The researchers will investigate the relationship between community-level and regional-level language patterns by analyzing a database of words collected from numerous locations across Nusa Tenggara. Two computational analyses will be used, each proven accurate at a different spatial scale, and these will be complemented by the more traditional "comparative method" in which a trained historical linguist manually classifies languages based on the phonological and morphological differences in their lexicons. The results of these analyses are expected to shed light on how linguistic interaction among people in neighboring communities have affected language patterns that are observed in the wake of large-scale demographic transitions.

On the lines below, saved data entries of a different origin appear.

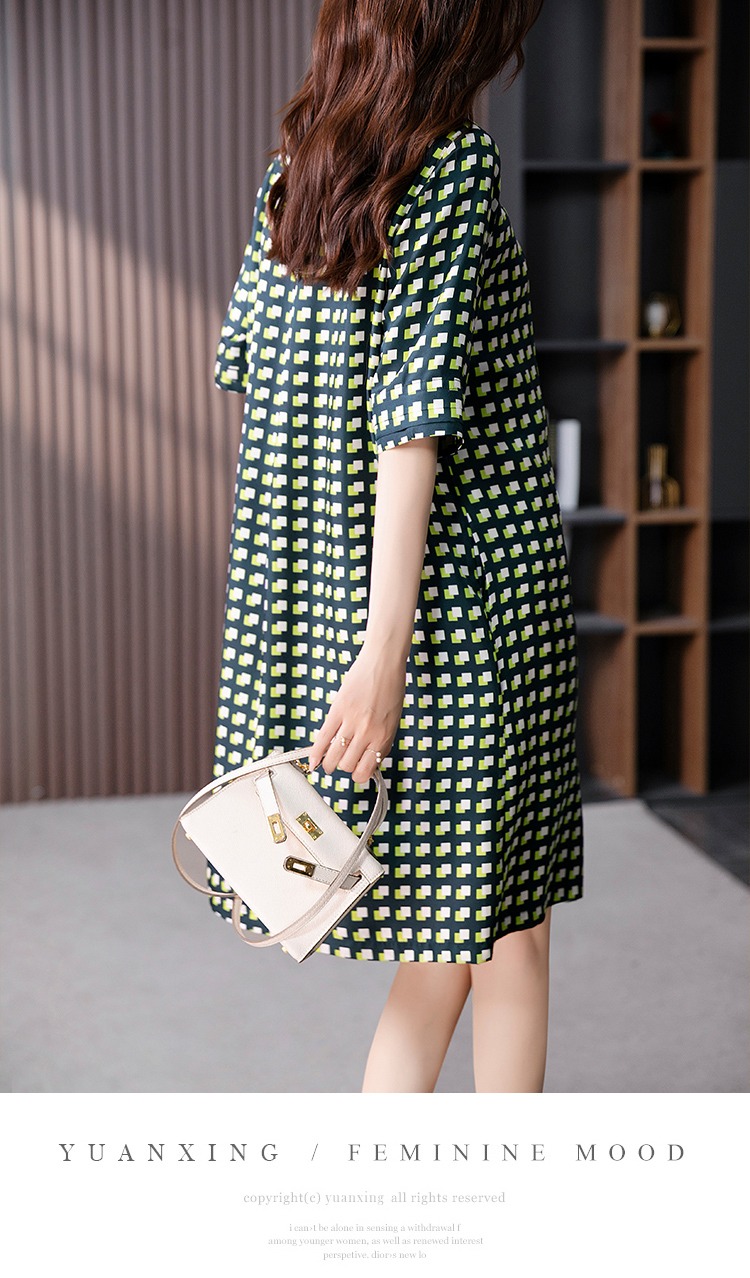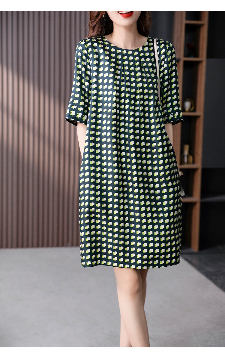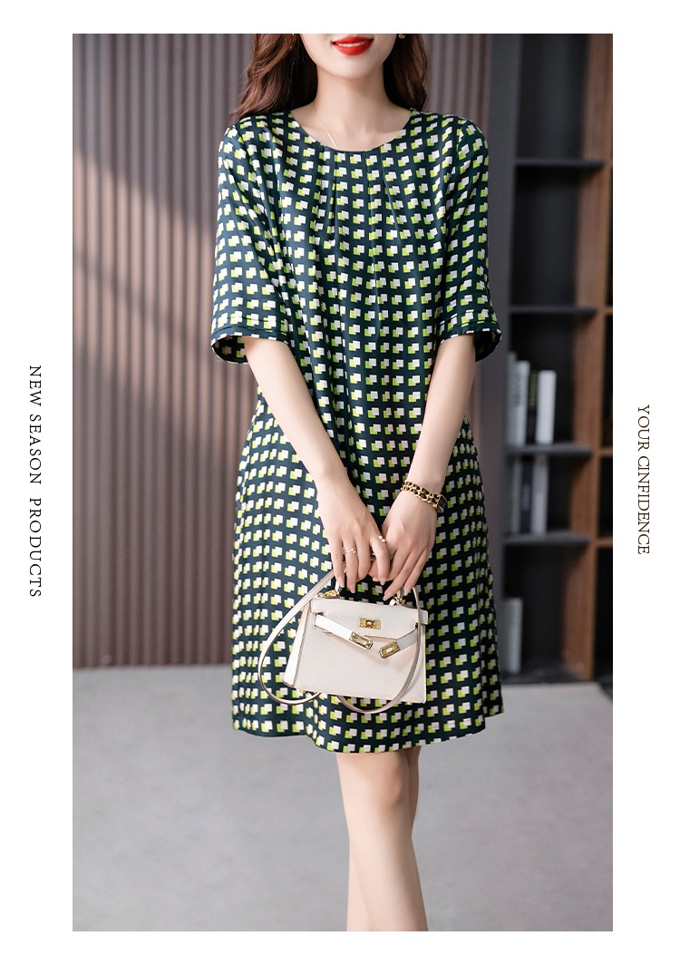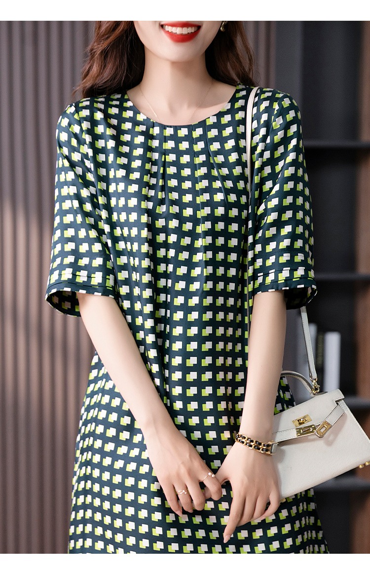 89151原形休闲真丝连衣裙女中长款2024春夏季新款印花显瘦桑蚕丝裙子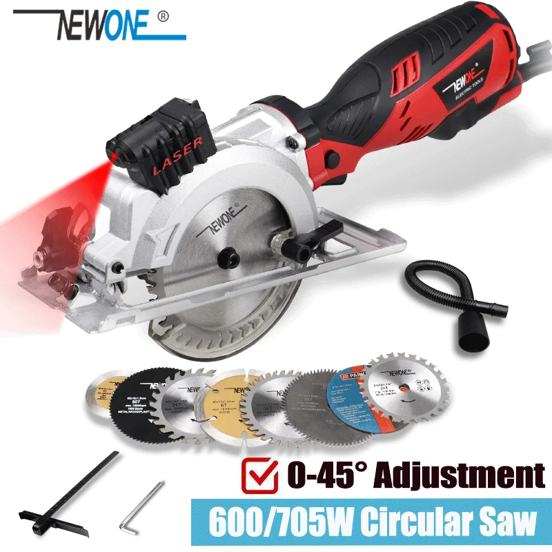 Пила циркулярная NEWONE компактная, 600 Вт, 3500 обмин, с лазерной направляющей, небольшая, но мощная, идеально подходит для резки дерева, плитки, алюминия и пластика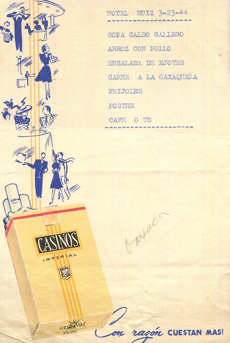 Mexico Oayaka Hotel Ruiz Menu 1944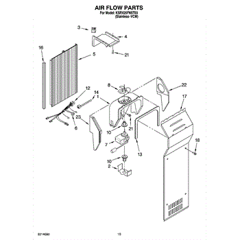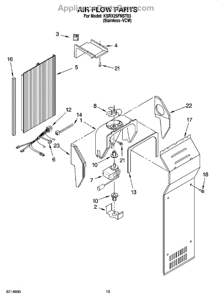 This fan scroll is the plastic housing that surrounds the evaporator fan in the freezer section. It directs air across the evaporator coils and into the ducts, helping your refrigerator move cold air evenly and maintain stable temperatures.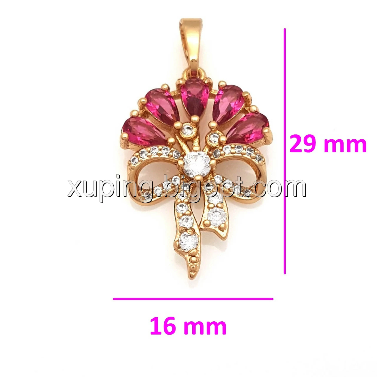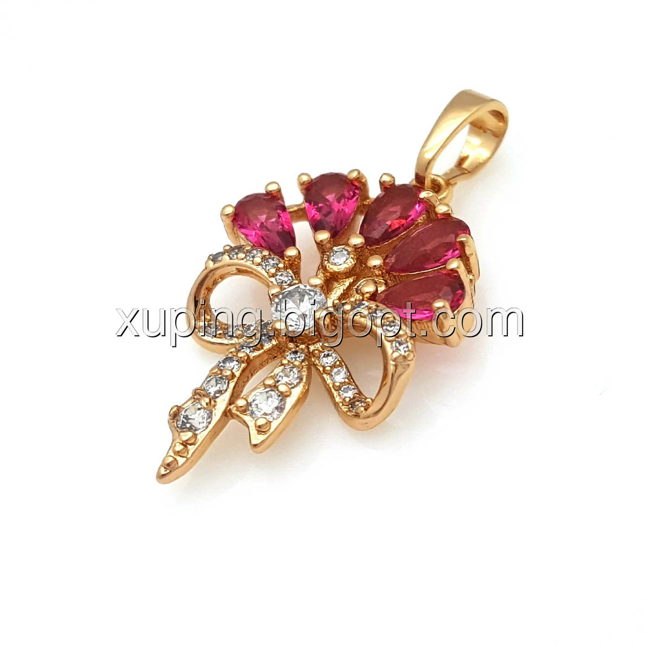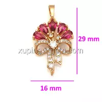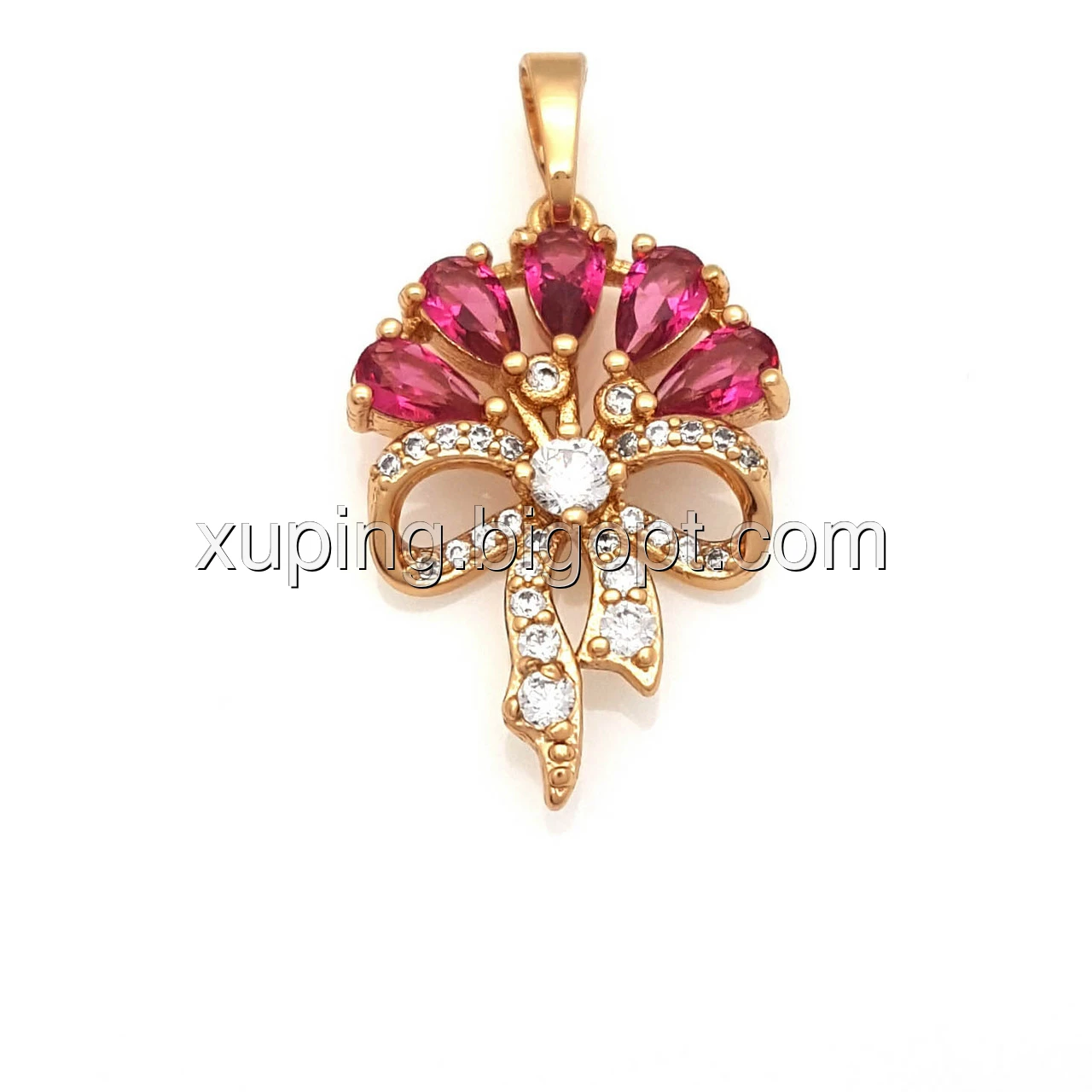 Кулон Букетик с бантом, вставка цирконий под рубин, позолота

The research is significant because it will clarify a poorly understood aspect of the last great human migration prior to the modern era: the Austronesian expansion from Mainland China into Indonesia and ultimately the colonization of islands across the Pacific Ocean. The methodology for integrating computational linguistic analysis across scales that will be developed during the course of this project will be applicable for reconstructing the demographic history of indigenous populations wherever historical records are unavailable.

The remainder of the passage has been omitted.